Ultra strong container takes the knocks

SSAB Tunnpl : 14 November, 2002  (New Product)
South Korean container producer Jindo Corporation has put extra and ultra high strength steel to innovative use. Its new container is strong, durable and comparatively light, in addition to which it is cheaper to manufacture than its conventional counterparts.
South Korean container producer Jindo Corporation has put extra and ultra high strength steel to innovative use. Its new container is strong, durable and comparatively light, in addition to which it is cheaper to manufacture than its conventional counterparts.

The new 53 feet long steel container weighs approximately the same as an aluminium one, but the production cost is more than a third lower. This means more profitable road and rail freight transport. The design has now been nominated for the 2002 Swedish Steel Prize, the international engineering design accolade. Four designs are competing for the first prize. The winner will be announced at the prizegiving ceremony in Gothenburg, Sweden, on 21st November.

Jindo Corporation is a world leader in container production. It began to consider the benefits of high strength steel a few years ago.

'Calculations showed that we would achieve considerable weight reductions in comparison to containers in conventional steel without risking safety or quality,' comments Seon G. Choi, marketing director for the container division at Jindo Corporation in Seoul.

The company concentrated its development work on its 53-feet long model.

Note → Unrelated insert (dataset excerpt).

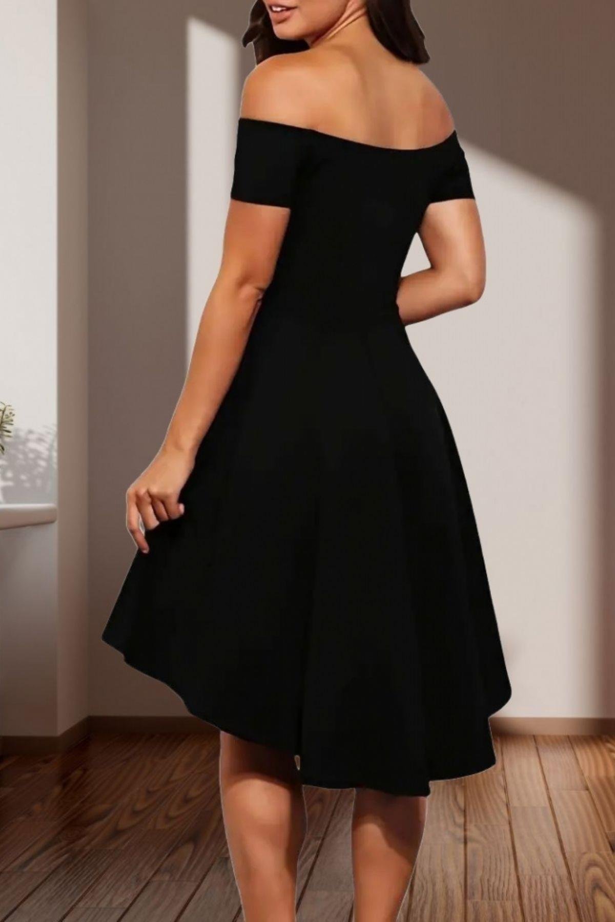 Madonna Yaka Asimetrik Etek Detaylı ithal Krep Elbise - Siyah (JS1464-SİYAH)

It is used primarily for road and rail freight transport in North America, often over short distances and with a lot of loading and lifting. Wear is considerable, and high strength steel, which is harder than ordinary steel or aluminium, has additional merits on this front. Furthermore, the new container's maintenance costs are less than a third of those incurred for a conventional model.

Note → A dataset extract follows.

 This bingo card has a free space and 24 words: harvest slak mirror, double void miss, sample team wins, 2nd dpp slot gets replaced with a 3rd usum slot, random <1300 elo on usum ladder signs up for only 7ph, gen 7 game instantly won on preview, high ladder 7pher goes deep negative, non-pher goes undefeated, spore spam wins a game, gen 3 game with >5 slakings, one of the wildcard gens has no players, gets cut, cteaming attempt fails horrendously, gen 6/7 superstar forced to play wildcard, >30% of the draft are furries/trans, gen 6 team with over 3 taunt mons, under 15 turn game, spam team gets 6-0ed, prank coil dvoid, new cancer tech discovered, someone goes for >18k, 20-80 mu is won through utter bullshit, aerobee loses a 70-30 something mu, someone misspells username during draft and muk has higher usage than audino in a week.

In the first development phase the designed only intended to change from conventional steel to extra and ultra high strength steel without changing the design. Even at this early stage, advantages were evident in the form of weight reductions. In the second phase, they also examined new design solutions which were even more sharply focused on the material's merits. The end result is a success Jindo has produced a steel container which compares favourably with aluminium, but at a significantly lower cost.
'This is proof of the great opportunities which high strength steel opens up,' asserts Mr Choi. 'The container's structure is not only thinner and lighter, but also more hard-wearing and cheaper to produce and maintain compared to aluminium.'

The U.S. has exacting specifications for containers used in domestic freight transport. To receive type approval, the container has to undergo a rigorous testing schedule which includes 1,000 lifts as well as 3,000 floor loadings. The containers have to withstand tough handling and being loaded on top of each other. The high strength steel model easily meets these requirements. Development work on the various parts has been crucial.

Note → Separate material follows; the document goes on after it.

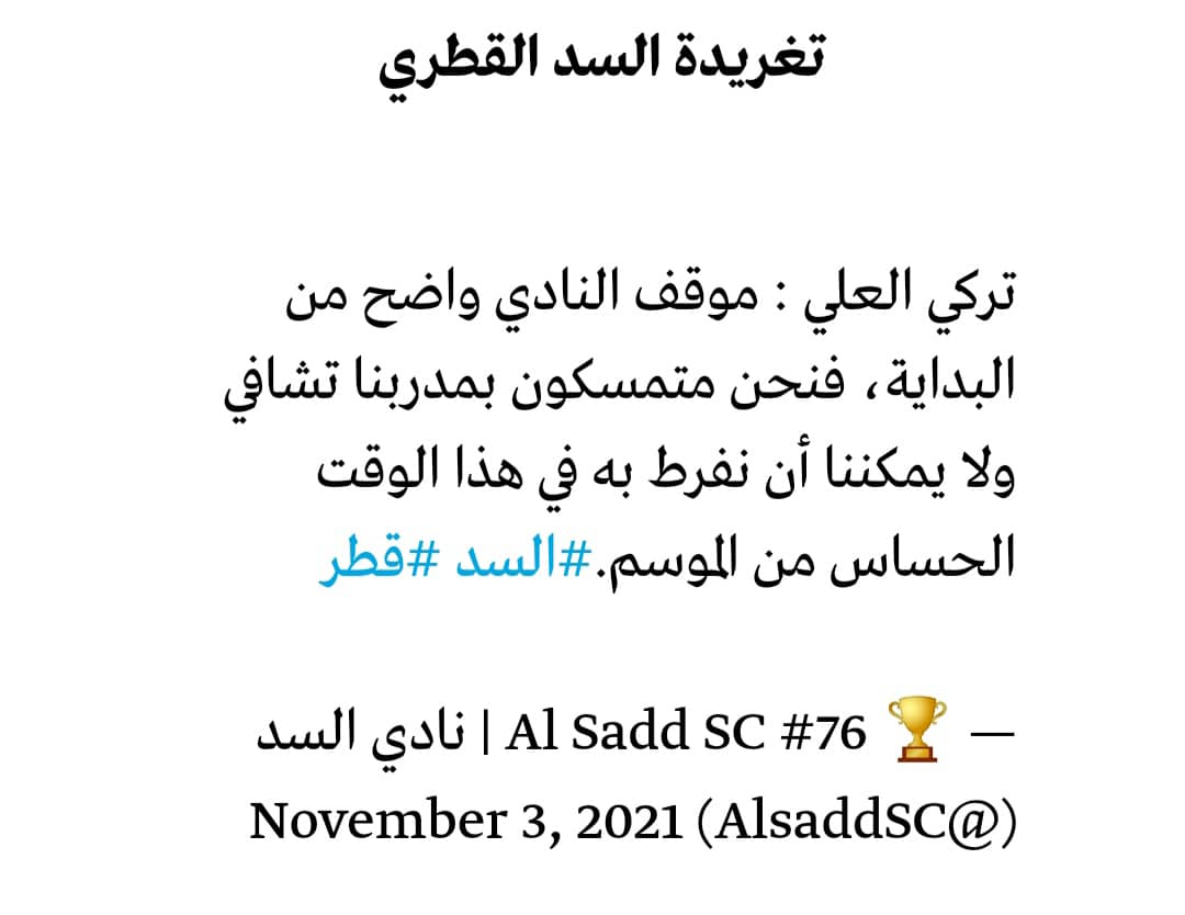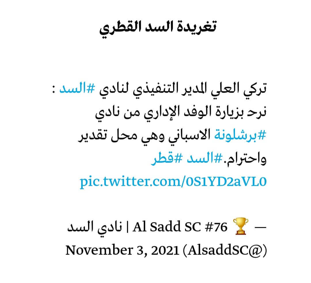وخلال حضور الوفد الإسباني مباراة السد والدحيل في الدوحة، نقل حساب السد على تويتر عن العلي قوله إن “موقف النادي واضح من البداية، فنحن متمسكون بمدربنا تشافي ولا يمكننا أن نفرط به في هذا الوقت الحساس من الموسم”. مؤكدا “نرحب بزيارة الوفد الإداري من نادي برشلونة الإسباني وهي محل تقدير واحترام”.

'To make the design stronger but not heavier, we have developed a completely new type ofI- beam which makes the floor extremely resilient,' explains Mr Choi. 'The beam is manufactured in extra high strength steel strip which is high-frequency welded.'

The container also has a special roof profile which means that condensation and rainwater are efficiently drained. The frame is made of extra high strength hot-rolled steel. Cold-rolled weathering steel is used for the roof and walls. Both types of steel have a yield point of 700 N/mm2.